Film Review: Skid Row Marathon

One of the best ways to judge a society is not by looking at how it treats law-abiding citizens but through appraising its relationship with the perpetrators of crime. One mistake, one moment of madness, can have an almost irreparable effect on someone’s life, but their life should not be solely defined by one mistake. Substance abuse takes a massive toll on so many people. Behind all the glitz and glamour of LA are the hundreds of thousands of people living on the streets of Skid Row. Skid Row Marathon is a story of redemption.

Craig Mitchell is a criminal court judge who sentences felons to life imprisonment on a daily basis. A visit to the Midnight Mission homeless centre inspired him to form a running club for those in need of a second chance. He promises his motley assortment of addicts and offenders that if they can get into shape and stay clean then they will have the opportunity to run in an international marathon for free. Hundreds take up his challenge but many fall by the wayside. Rafael, Rebecca, David and Ben are four who succeed.

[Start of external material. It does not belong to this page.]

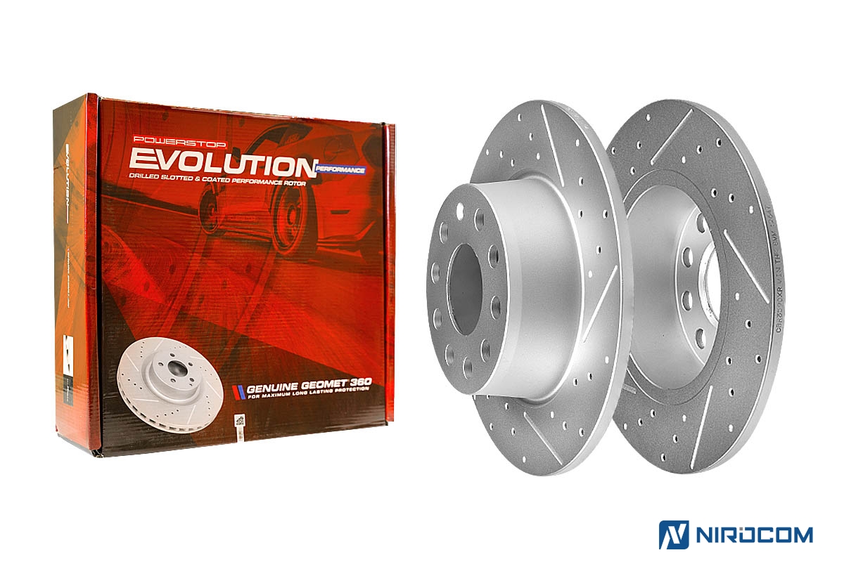 Тормозные диски PowerStop Evolution выполнены из чугуна с повышенным содержанием хрома и никеля. Слоты и перфорация служат как для охлаждения, так и для улучшения коэффициента трения и эффективной работы в различных внешних условиях. Лучшее решение для динамичной и спортивной манеры езды и несравнимая стойкость к перегреву. Все тормозные диски PowerStop Evolution спроектированы в полном соответствии с оригинальными размерами и спецификациями. Прецизионная лазерная чистовая обработка гарантирует их простую и быструю установку, а также безотказную работу на протяжении всего срока службы. Весь тормозной диск, включая внутренние лопасти покрыт запатентованным составом GEOMET® (смесь с использованием дихромата серебра и цинка) которое чрезвычайно стойко к окислению и коррозии, не влияя при этом на эффективность торможения.

Skid Row Marathon is a powerful documentary about the perils of addiction and affording criminals a second chance. Director Mark Hayes doesn’t sugar-coat or try and downplay the crimes they’ve committed. This isn’t about shifting blame. It’s a film about understanding, tolerance and allowing people the opportunity to turn over a new leaf. We’re often defined by the situation we find ourselves in. Skid Row Marathon is a compelling case for opening the door to rehabilitation and presenting opportunities for offenders to change their lives.

Skid Row Marathon is in cinemas on 9 May only.